This layer extends the standard GCN layer by introducing region-specific parameters to handle spatial heterogeneity (spatial regimes). The computation has two stages:

  1. Base GCN transformation: \(\mathbf{D}^{-1}\mathbf{A}\mathbf{X}^{(l-1)}\boldsymbol{\Theta}^{(l)} + \mathbf{X}^{(l-1)}\boldsymbol{\Phi}^{(l)}\)

  2. Region-specific modulation: Element-wise multiplication by \(\boldsymbol{\Omega}_{reg}\) and addition of \(\boldsymbol{\Psi}_{reg}\)

Parameters:

  • \(\Theta\) (theta): in_features x out_features transforms aggregated neighbor features (global)

  • \(\Phi\) (phi): in_features x out_features transforms node's own features (global)

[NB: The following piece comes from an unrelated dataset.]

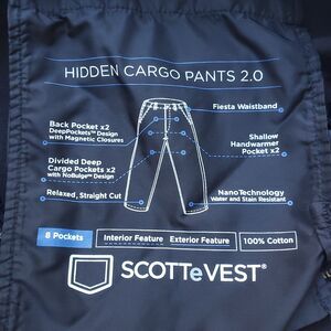 SCOTTeVEST Hidden Cargo Pants 2.0 Size 29 x 28 Hemmed (30x30 on Tag) TEC Black

  • \(\Omega_{reg}\) (omega_reg): n_regions x out_features region-specific weight modulation

  • \(\Psi_{reg}\) (psi_reg): n_regions x out_features region-specific bias terms

Usage

layer_regconv(in_features, out_features, n_regions)

Arguments

in_features

Integer. Number of input features per node

out_features

Integer. Number of output features per node

n_regions

Integer. Number of spatial regions/regimes

x

Tensor n_nodes x in_features. Node feature matrix

adj

Tensor n_nodes x n_nodes. Adjacency matrix. Expected to be row-normalized \(D^{-1}A\) where \(D\) is the degree matrix. Can be binary or weighted

region_assignments

Tensor n_nodes. Integer vector with values in 1:n_regions, indicating which region each node belongs to. Multiple nodes can belong to the same region

edge_weight

Tensor n_nodes x n_nodes or NULL. Optional edge weights to apply to the adjacency matrix. If NULL, uses values from adj. Default: NULL

Value

Tensor n_nodes x out_features. Transformed node features (before activation)

Details

The RegConv layer is designed for two-stage training:

Stage 1: Train a global GCN to learn \(\Theta\) and \(\Phi\), then freeze these parameters.

Stage 2: Initialize \(\Omega_{reg}\) to all 1s and train region-specific parameters (\(\Omega_{reg}\), \(\Psi_{reg}\)) while keeping \(\Theta\) and \(\Phi\) fixed.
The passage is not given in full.